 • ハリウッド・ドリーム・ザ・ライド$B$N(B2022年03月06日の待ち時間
...
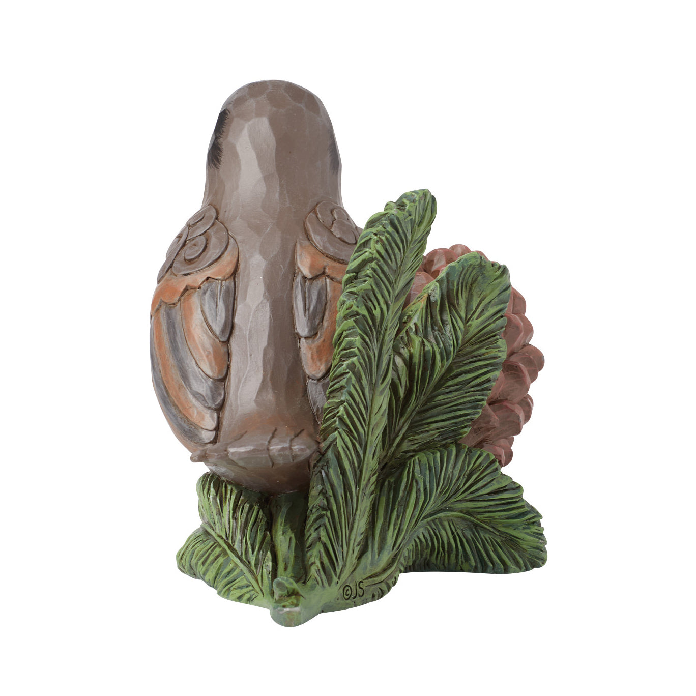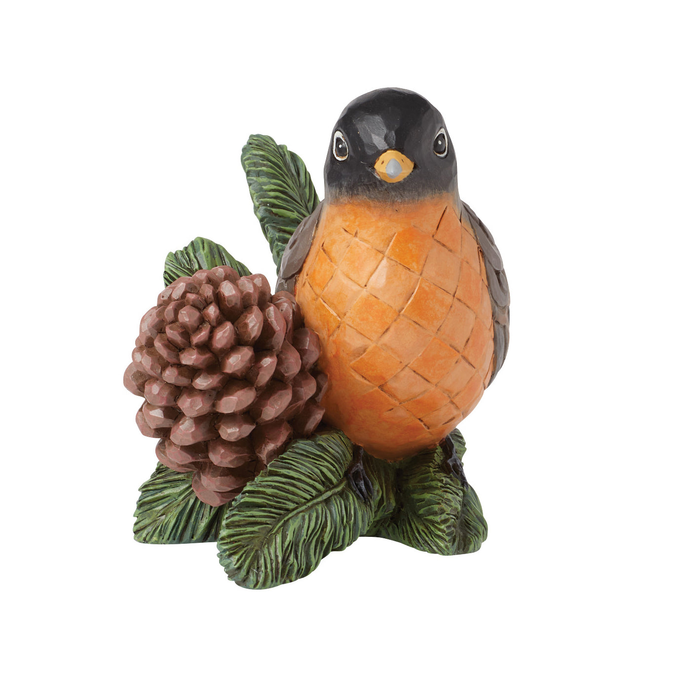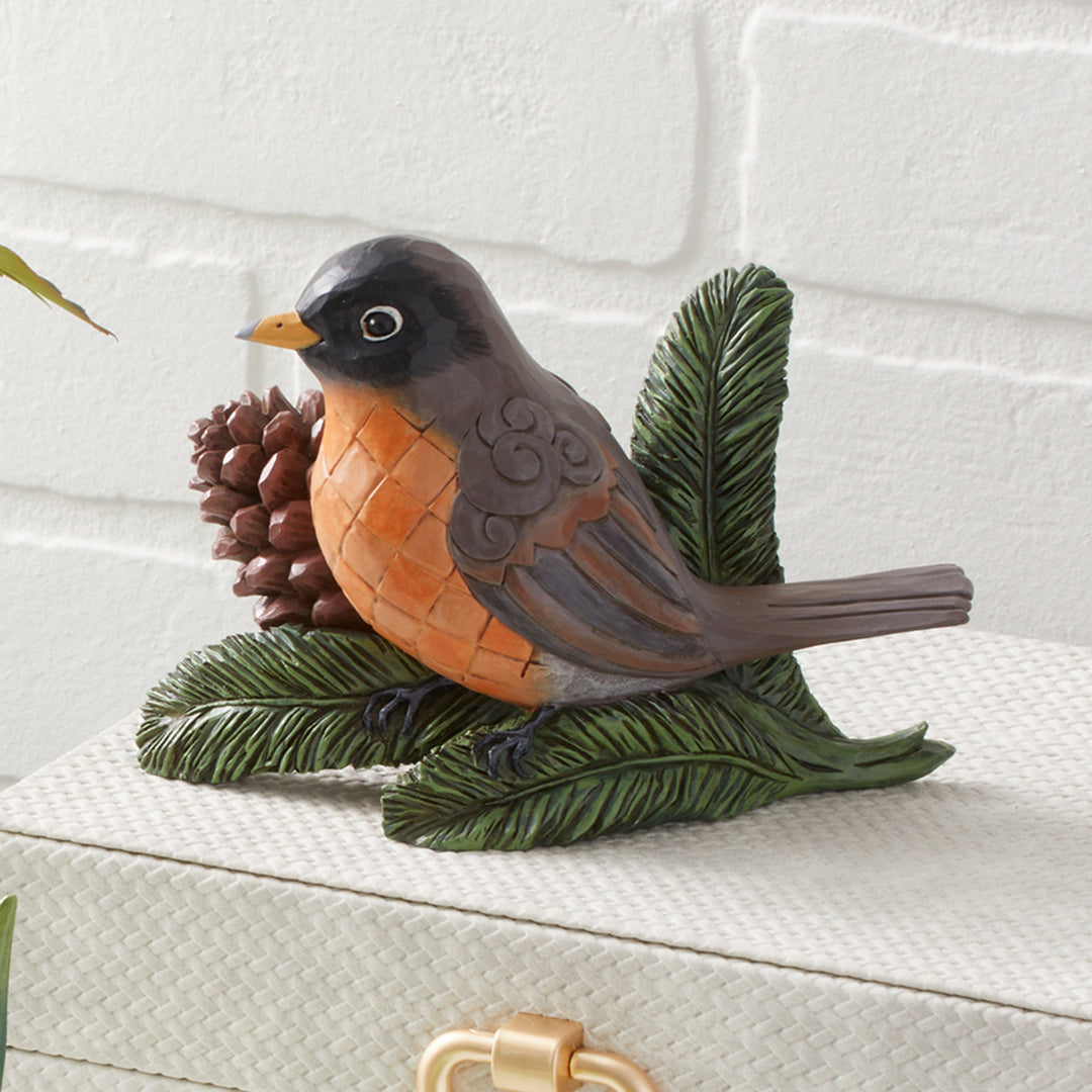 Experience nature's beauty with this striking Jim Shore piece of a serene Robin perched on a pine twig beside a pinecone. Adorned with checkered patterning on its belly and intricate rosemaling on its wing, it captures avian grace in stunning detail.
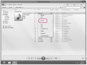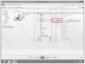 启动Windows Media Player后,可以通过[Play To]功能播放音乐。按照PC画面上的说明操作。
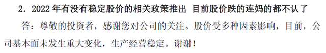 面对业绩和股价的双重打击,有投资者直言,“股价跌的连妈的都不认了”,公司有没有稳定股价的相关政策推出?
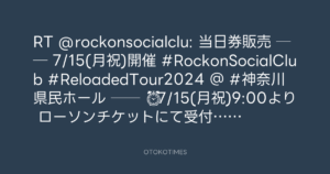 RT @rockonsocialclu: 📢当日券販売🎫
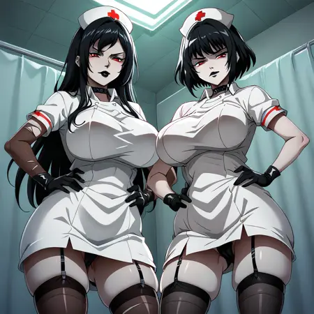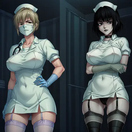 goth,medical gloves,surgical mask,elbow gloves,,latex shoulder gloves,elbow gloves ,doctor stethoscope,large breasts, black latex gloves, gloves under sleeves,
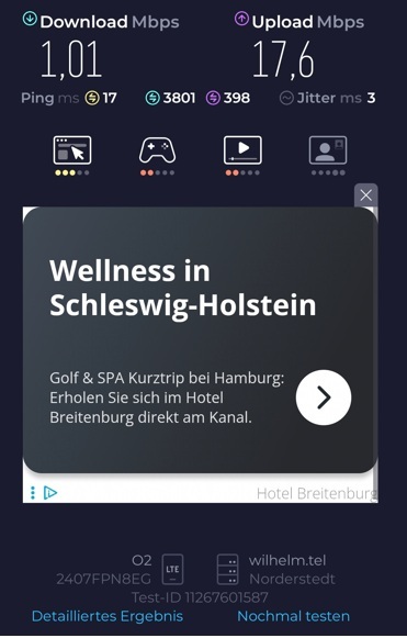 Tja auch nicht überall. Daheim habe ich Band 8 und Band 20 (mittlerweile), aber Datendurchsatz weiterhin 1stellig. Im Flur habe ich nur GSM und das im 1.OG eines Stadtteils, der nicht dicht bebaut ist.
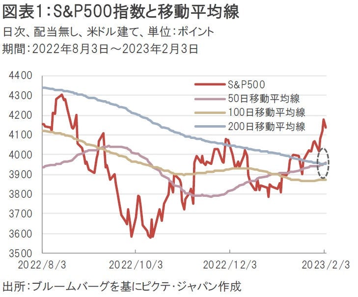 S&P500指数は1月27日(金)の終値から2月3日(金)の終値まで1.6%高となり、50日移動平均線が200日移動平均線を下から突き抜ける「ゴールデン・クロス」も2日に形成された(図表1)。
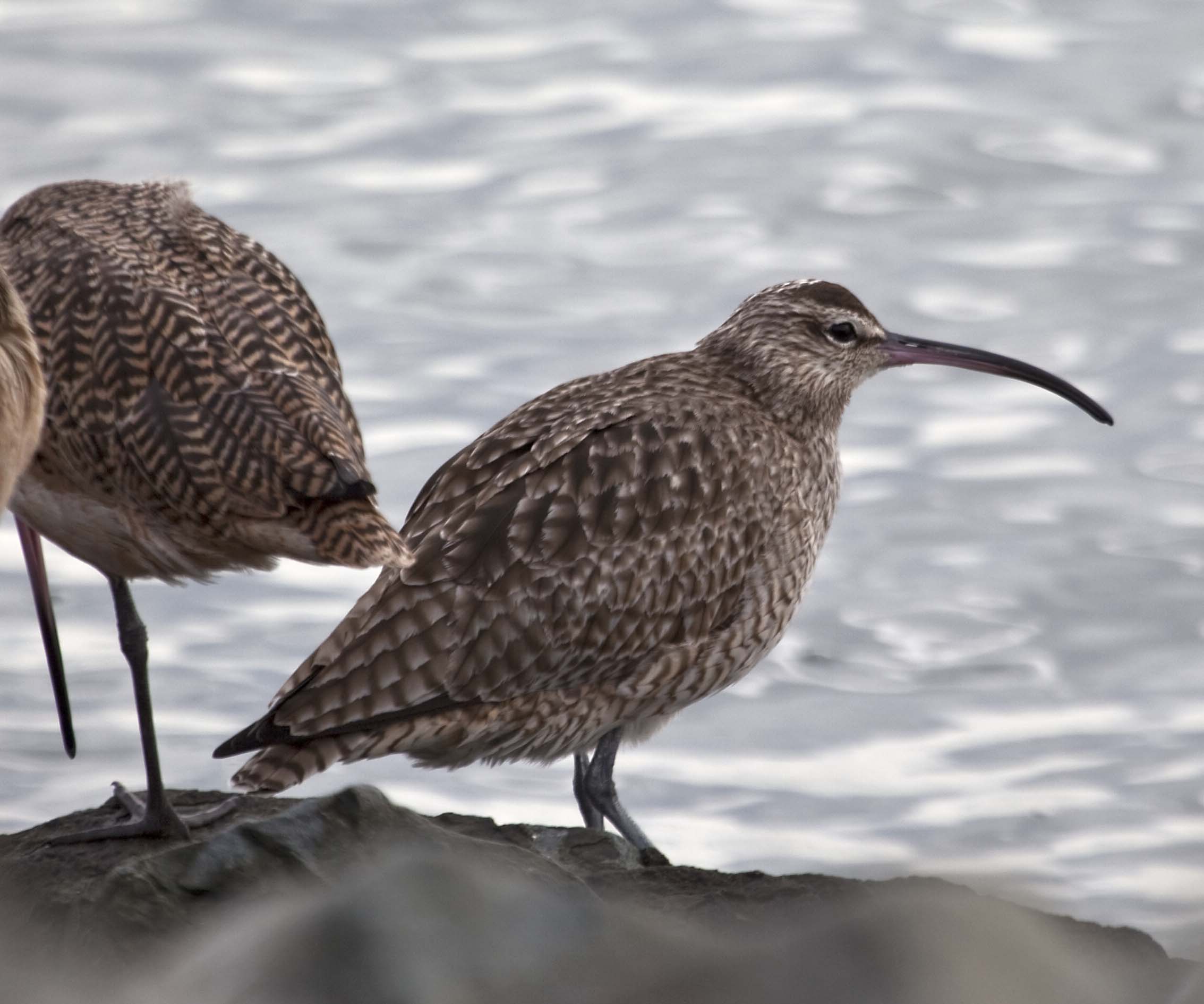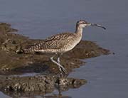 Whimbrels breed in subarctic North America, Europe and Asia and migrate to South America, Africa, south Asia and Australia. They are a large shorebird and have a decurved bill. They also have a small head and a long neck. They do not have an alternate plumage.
---
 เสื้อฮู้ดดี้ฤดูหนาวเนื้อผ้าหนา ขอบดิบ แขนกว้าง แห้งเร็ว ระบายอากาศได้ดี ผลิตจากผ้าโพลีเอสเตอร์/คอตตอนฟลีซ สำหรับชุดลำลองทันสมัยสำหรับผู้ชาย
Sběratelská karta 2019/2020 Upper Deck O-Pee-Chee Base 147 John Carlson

**EXERCISE PROMPT:** Working from the records above, set down word for word everything from the line containing "S&P500指数は1月27日" down to the line containing "Whimbrels breed in", ends included, minus the pictures.

**REPLY TO THE EXERCISE:**
 S&P500指数は1月27日(金)の終値から2月3日(金)の終値まで1.6%高となり、50日移動平均線が200日移動平均線を下から突き抜ける「ゴールデン・クロス」も2日に形成された(図表1)。
 Whimbrels breed in subarctic North America, Europe and Asia and migrate to South America, Africa, south Asia and Australia. They are a large shorebird and have a decurved bill. They also have a small head and a long neck. They do not have an alternate plumage.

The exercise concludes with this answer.